Milk from Spring Sheep farms is processed at Melody Dairies’ spray drier at Waikato Innovation Park in Hamilton.
Spring Sheep business manager Thomas Macdonald, said the company had experienced significant growth during the 2018/2019 financial year and international demand for New Zealand sheep milk products is strong.
He said the time was right for farmers to get onboard.
"We currently have 4000 sheep being milked, however strong customer demand means we are now looking to grow sheep numbers by bringing on new supplier farmers," he said.
With demand predominantly coming from Asia, driven by consumers' increasing preference for alternative milks and nutritional focused products, Macdonald said growth in the Asian market was very much on Spring Sheep’s agenda.
"Last year we saw our productivity double thanks to new genetic lines imported from Europe. Previously New Zealand-bred ewes were producing 120 litres each per season, but the new, high-performing genetic lines have the potential to increase production to over 600 litres per ewe per season."

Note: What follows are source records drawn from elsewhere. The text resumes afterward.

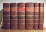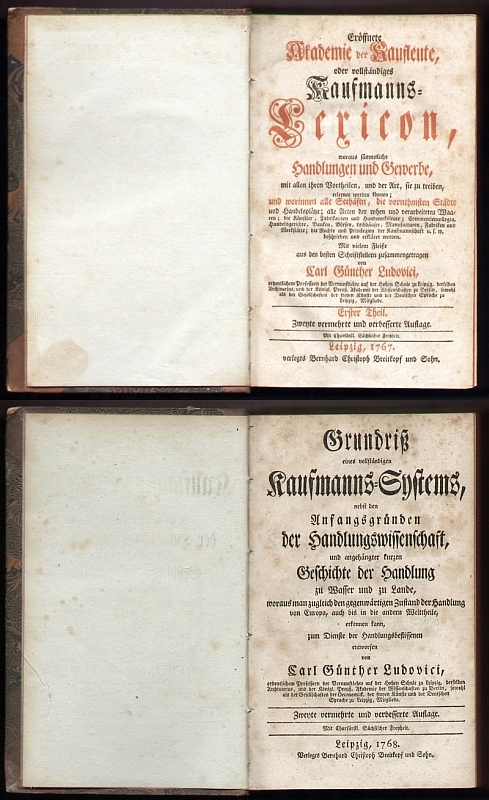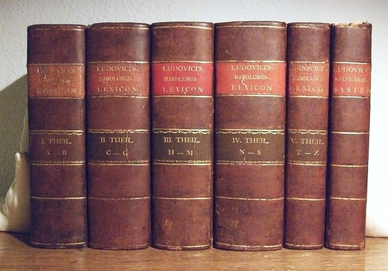 Ludovici, Carl Günther: Eröffnete Akademie der Kaufleute, oder vollständiges Kaufmanns-Lexicon, woraus sämmtliche Handlungen und Gewerbe, mit allen ihren Vortheilen, und der Art, sie zu treiben, erlernet werden können. 5 Bände. - Dazu: Grundriß eines vollständigen Kaufmanns-Systems, nebst den Anfangsgründen der Handlungswissenschaft, und angehängter kurzen Geschichte der Handlung zu Wasser und zu Lande. - Zusammen 6 Bände. Leipzig (Breitkopf) 1767-1768. Einheitlich gebunden. Gr.-8°.Halbleder d. Zt. mit RFileten u. farbigen RSchildern "Ludovici's Handlungs-Lexicon" (die attraktiven Einbände gering berieben u. bestoßen; innen teils gebräunt u. stockfleckig)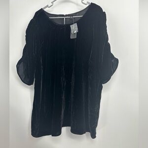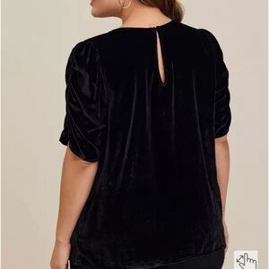 NWT Torrid Velvet Tunic Top Plus Size 4X Ruched Sleeve NWT In Black
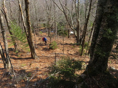 I descended the lower part of the valley on the Mount Tripyramid Trail, which wasn't postholed after all - only at the stream crossing. Here old ski tracks are evident along a sidehill section of the trail.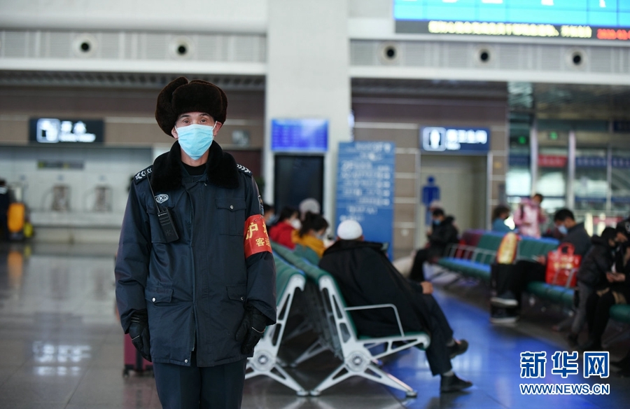 圖為西寧站內正在維護秩序的保安。新華網 李俊 攝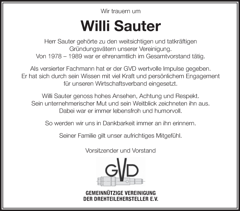 Hier finden Sie alle Traueranzeigen aus der Zeitung, die bisher für Willi Sauter erschienen sind. Weitere Traueranzeigen, die in der Zeitung erscheinen, werden hier ebenfalls aufgelistet

He said farming sheep for milk was an attractive proposition.
"Most farming systems need about 250-450 litres per ewe per season to achieve a good return, so the improved productivity we're seeing presents a good opportunity for farmers considering a conversion to sheep dairy farming."

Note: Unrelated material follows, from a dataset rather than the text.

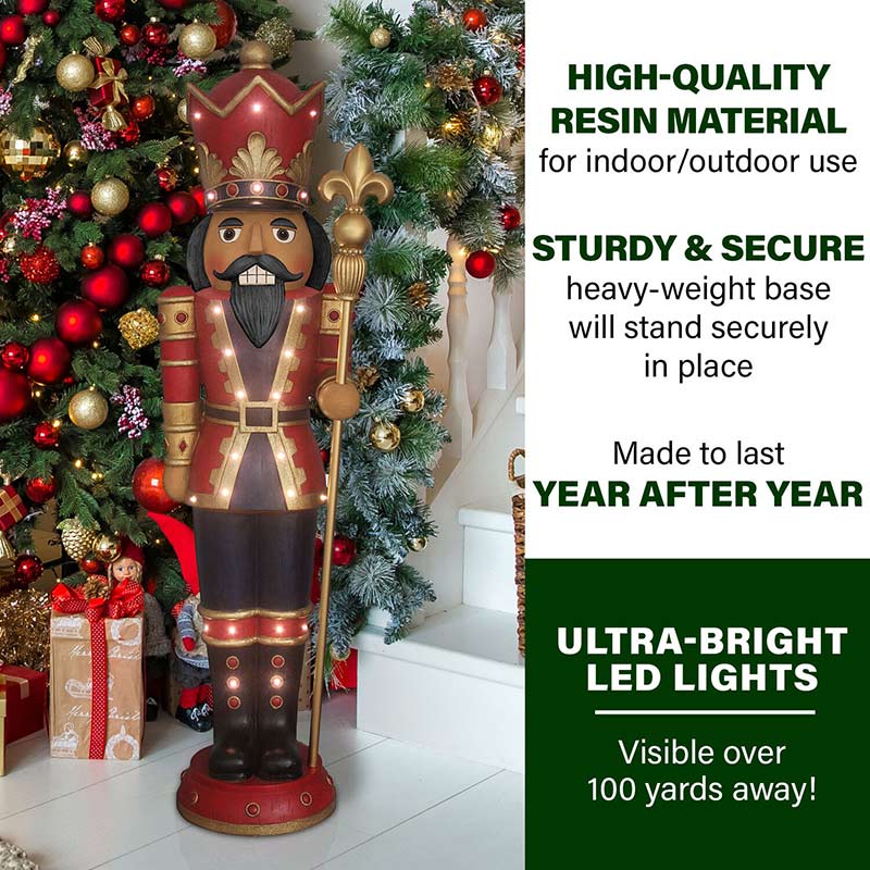 - FESTIVE HOLIDAY DECOR: Decked out in his finest red jacket, black pants, black boots, festive crown and holding a gold staff this large nutcracker is ready to greet your guests near the tree, by your door, next to the fireplace, or on the porch.

Macdonald said dairy farmers in the Waikato region, being within the two-hour travel zone for processing, are ideal future suppliers.

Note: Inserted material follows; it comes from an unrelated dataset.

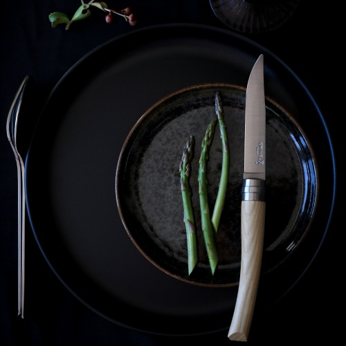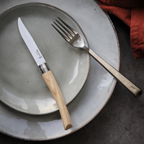 アッシュ材のハンドルはライトベージュからホワイトの明るい色調で、テーブルコーディネートを華やかに仕上げます。

"The Waikato region is rich dairy country, and the pastoral farming practices and core skill set of dairy farming found here is easily transferred to sheep milk.".
"The optimal sheep milking system in New Zealand requires the use of high-performance genetics, combined with a farming system that utilises our pastoral advantage. We now have those genetics available, and we’re looking to work with passionate, skilled dairy farmers with high-quality land."
Macdonald says the growth in the industry is encouraging for farmers who are looking at sheep milk as a viable, high-return farming option.
"As a value-added product, sheep milk isn’t at the mercy of fluctuating market prices so the farm gate price remains stable," he said.
There were also positive environmental impacts for farms converting from cow dairy to sheep milk.
"Converting to sheep milk doesn’t require any land use intensification, and there’s a positive impact on water use and nitrogen leaching."